* Dataset extract *
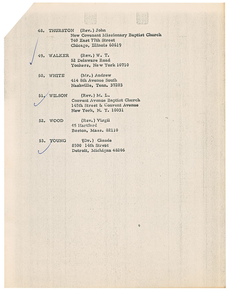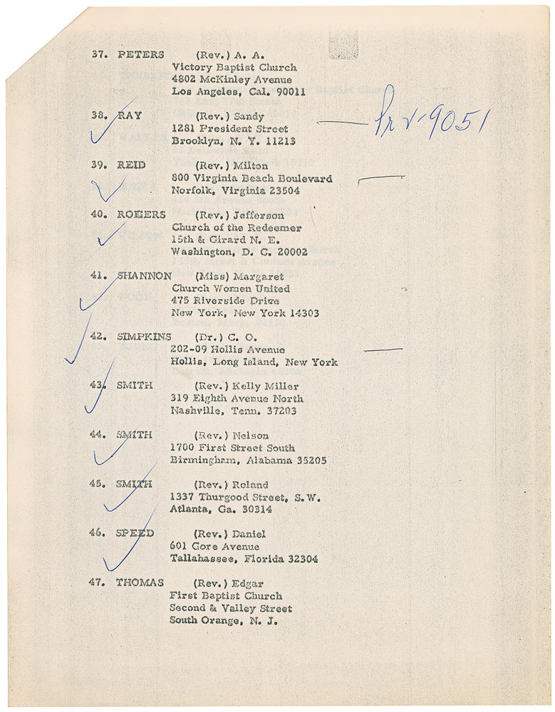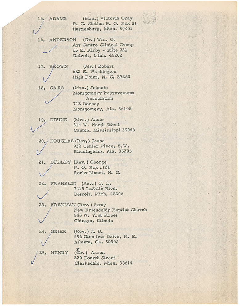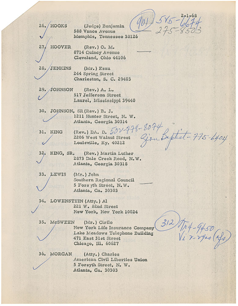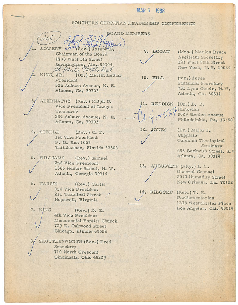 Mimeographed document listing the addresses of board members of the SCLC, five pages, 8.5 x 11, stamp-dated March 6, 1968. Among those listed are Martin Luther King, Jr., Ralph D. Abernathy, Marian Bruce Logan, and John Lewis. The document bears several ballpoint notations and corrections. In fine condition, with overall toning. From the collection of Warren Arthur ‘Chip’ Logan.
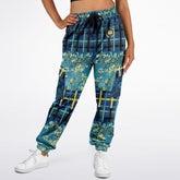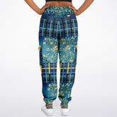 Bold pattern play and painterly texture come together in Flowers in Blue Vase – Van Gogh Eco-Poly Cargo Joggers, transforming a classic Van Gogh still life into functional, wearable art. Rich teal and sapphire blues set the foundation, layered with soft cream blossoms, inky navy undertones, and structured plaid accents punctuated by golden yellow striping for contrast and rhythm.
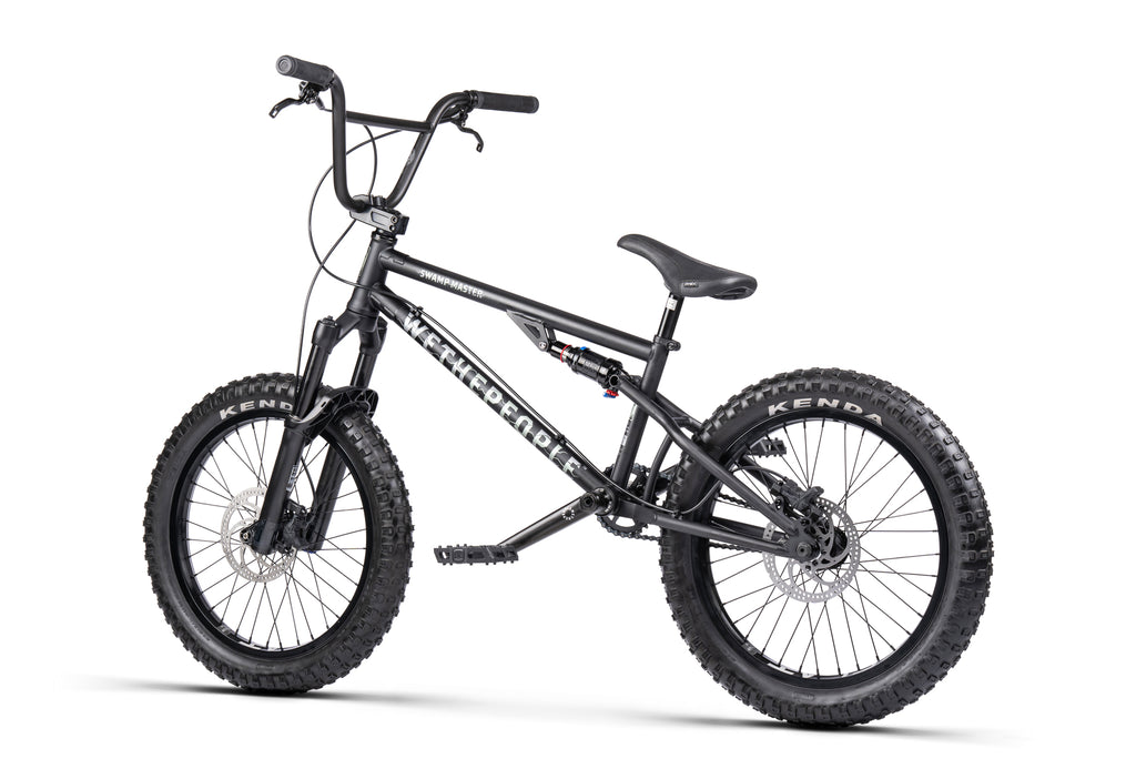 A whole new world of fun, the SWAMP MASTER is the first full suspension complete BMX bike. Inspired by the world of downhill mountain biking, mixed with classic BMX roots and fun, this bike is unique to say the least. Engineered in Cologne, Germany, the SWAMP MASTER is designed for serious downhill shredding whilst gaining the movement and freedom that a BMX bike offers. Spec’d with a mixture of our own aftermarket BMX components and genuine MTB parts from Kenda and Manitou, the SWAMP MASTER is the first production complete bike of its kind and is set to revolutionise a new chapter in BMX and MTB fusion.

* Work to complete *
In your answer, give every line of the listing above exactly, and do not include the images.

* Solution for this task *
 Mimeographed document listing the addresses of board members of the SCLC, five pages, 8.5 x 11, stamp-dated March 6, 1968. Among those listed are Martin Luther King, Jr., Ralph D. Abernathy, Marian Bruce Logan, and John Lewis. The document bears several ballpoint notations and corrections. In fine condition, with overall toning. From the collection of Warren Arthur ‘Chip’ Logan.
 Bold pattern play and painterly texture come together in Flowers in Blue Vase – Van Gogh Eco-Poly Cargo Joggers, transforming a classic Van Gogh still life into functional, wearable art. Rich teal and sapphire blues set the foundation, layered with soft cream blossoms, inky navy undertones, and structured plaid accents punctuated by golden yellow striping for contrast and rhythm.
 A whole new world of fun, the SWAMP MASTER is the first full suspension complete BMX bike. Inspired by the world of downhill mountain biking, mixed with classic BMX roots and fun, this bike is unique to say the least. Engineered in Cologne, Germany, the SWAMP MASTER is designed for serious downhill shredding whilst gaining the movement and freedom that a BMX bike offers. Spec’d with a mixture of our own aftermarket BMX components and genuine MTB parts from Kenda and Manitou, the SWAMP MASTER is the first production complete bike of its kind and is set to revolutionise a new chapter in BMX and MTB fusion.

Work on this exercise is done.